• Task instructions: There is one span to output from the data below: the lines starting at the line with "室外防雷——1个网络摄像机2" and ending at the line with "-شیلد موتور درایور". Output it exactly, ends included, nothing more.
===== Task inputs =====
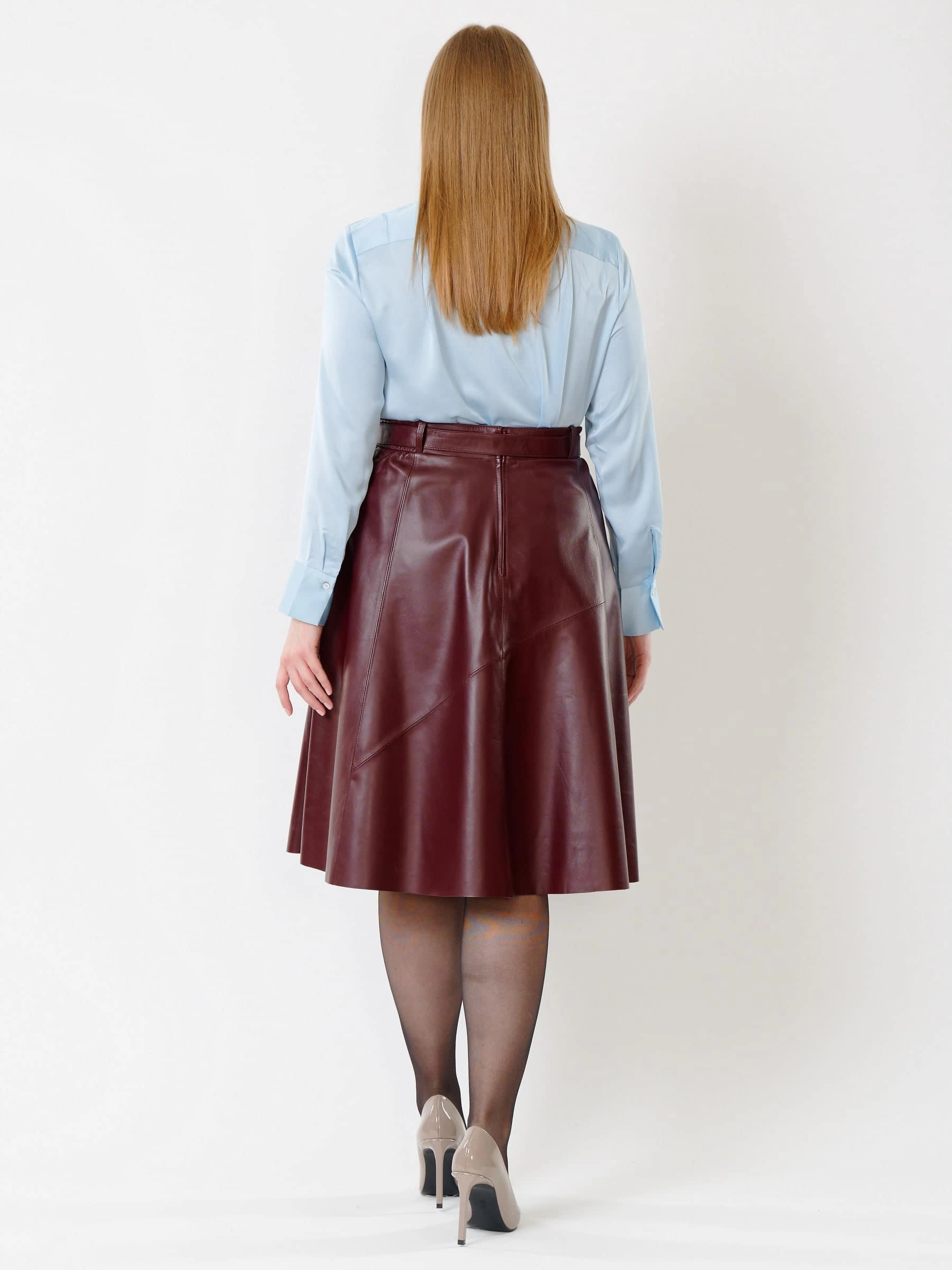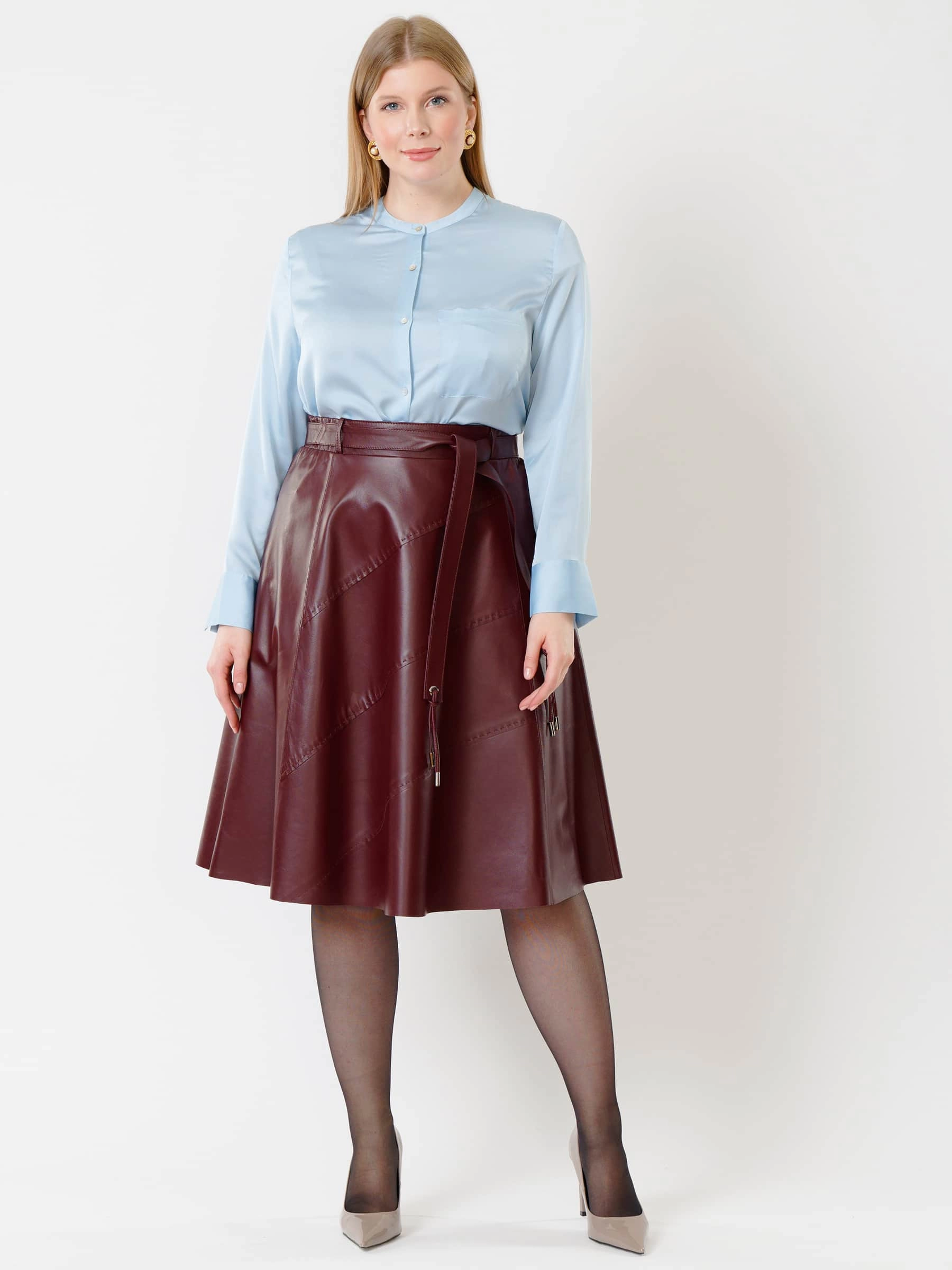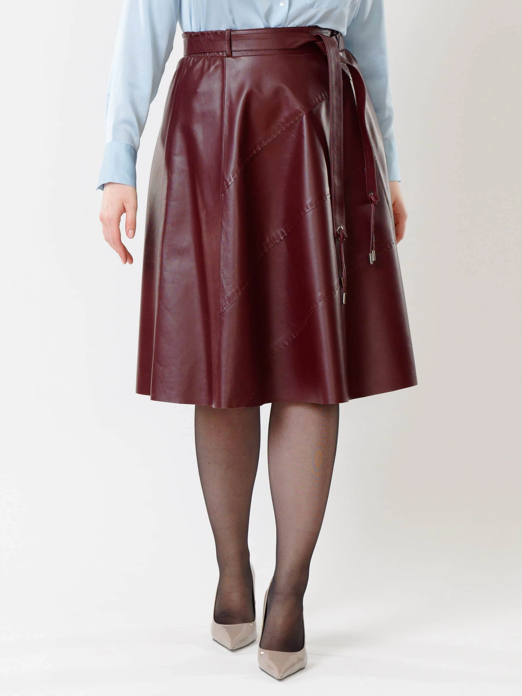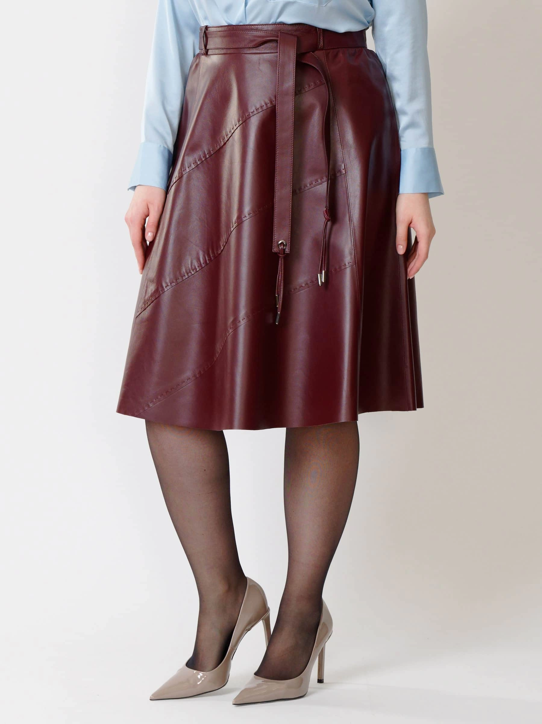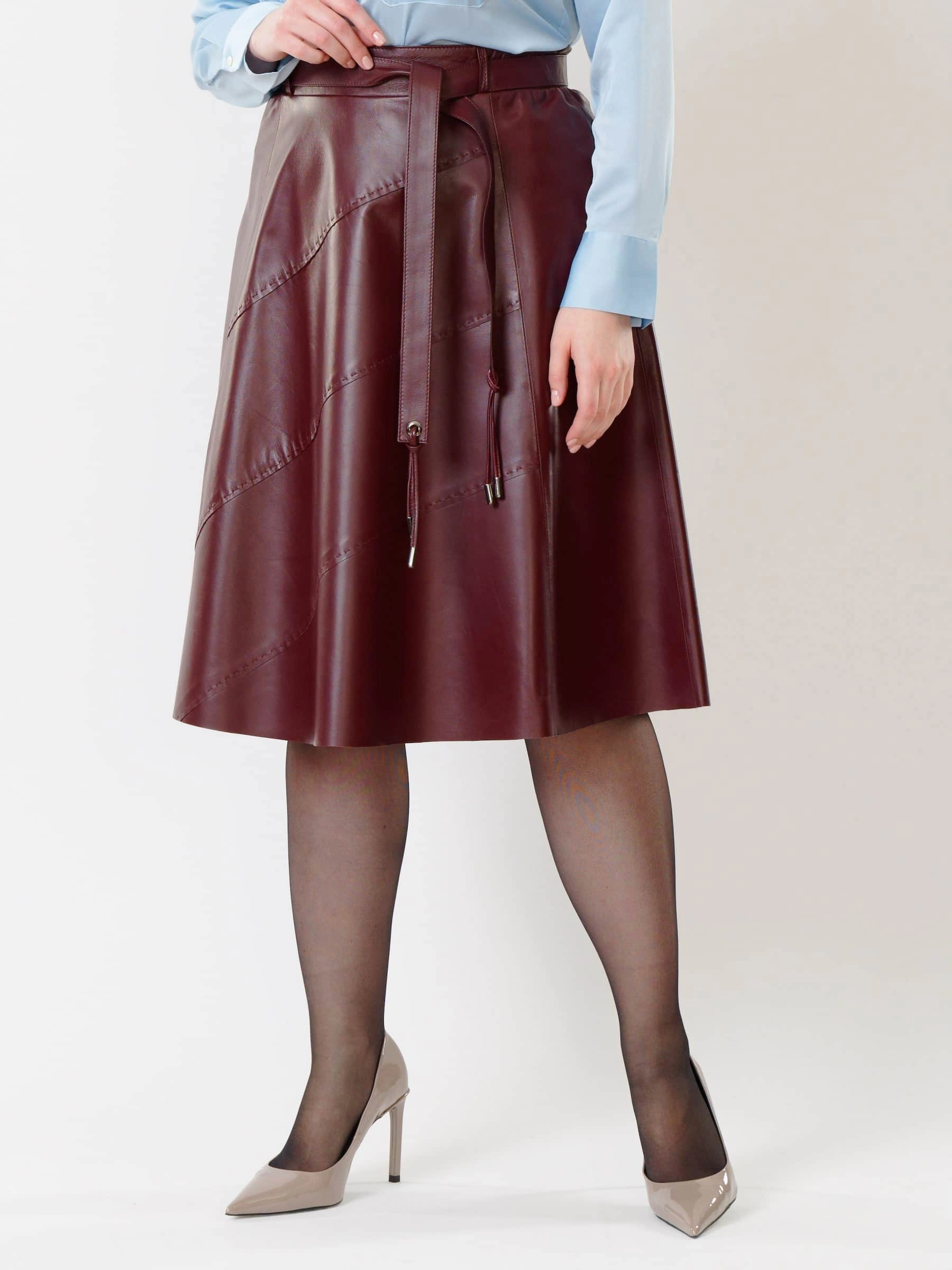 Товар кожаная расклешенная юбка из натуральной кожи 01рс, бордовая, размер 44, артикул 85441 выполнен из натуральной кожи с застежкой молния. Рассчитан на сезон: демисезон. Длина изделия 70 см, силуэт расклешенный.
=====
===== Task inputs =====
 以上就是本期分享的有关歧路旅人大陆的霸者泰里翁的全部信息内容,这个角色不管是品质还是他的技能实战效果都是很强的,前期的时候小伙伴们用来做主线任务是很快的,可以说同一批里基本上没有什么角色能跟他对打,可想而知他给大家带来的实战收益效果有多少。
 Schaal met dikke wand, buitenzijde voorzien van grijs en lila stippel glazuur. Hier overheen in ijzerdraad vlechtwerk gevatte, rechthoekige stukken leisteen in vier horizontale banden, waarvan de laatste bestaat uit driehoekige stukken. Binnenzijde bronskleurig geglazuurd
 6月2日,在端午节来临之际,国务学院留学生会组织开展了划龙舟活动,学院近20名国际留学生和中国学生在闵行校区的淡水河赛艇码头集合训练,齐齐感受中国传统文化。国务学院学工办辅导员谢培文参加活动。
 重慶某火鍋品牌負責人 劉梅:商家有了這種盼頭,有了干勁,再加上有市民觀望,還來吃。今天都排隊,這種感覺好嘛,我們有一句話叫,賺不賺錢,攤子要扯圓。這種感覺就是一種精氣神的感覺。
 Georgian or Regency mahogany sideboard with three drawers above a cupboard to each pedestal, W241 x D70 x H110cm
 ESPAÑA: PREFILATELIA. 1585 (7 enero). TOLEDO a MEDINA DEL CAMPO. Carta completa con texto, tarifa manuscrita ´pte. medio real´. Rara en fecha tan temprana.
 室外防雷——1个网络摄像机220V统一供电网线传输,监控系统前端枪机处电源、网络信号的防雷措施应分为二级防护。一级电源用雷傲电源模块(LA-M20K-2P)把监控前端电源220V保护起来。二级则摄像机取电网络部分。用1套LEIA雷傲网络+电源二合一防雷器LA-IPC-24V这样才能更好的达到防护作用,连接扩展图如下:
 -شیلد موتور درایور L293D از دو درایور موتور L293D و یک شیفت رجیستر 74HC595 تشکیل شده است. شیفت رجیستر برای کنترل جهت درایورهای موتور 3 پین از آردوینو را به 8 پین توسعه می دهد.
=====
• Exercise response:
 室外防雷——1个网络摄像机220V统一供电网线传输,监控系统前端枪机处电源、网络信号的防雷措施应分为二级防护。一级电源用雷傲电源模块(LA-M20K-2P)把监控前端电源220V保护起来。二级则摄像机取电网络部分。用1套LEIA雷傲网络+电源二合一防雷器LA-IPC-24V这样才能更好的达到防护作用,连接扩展图如下:
 -شیلد موتور درایور L293D از دو درایور موتور L293D و یک شیفت رجیستر 74HC595 تشکیل شده است. شیفت رجیستر برای کنترل جهت درایورهای موتور 3 پین از آردوینو را به 8 پین توسعه می دهد.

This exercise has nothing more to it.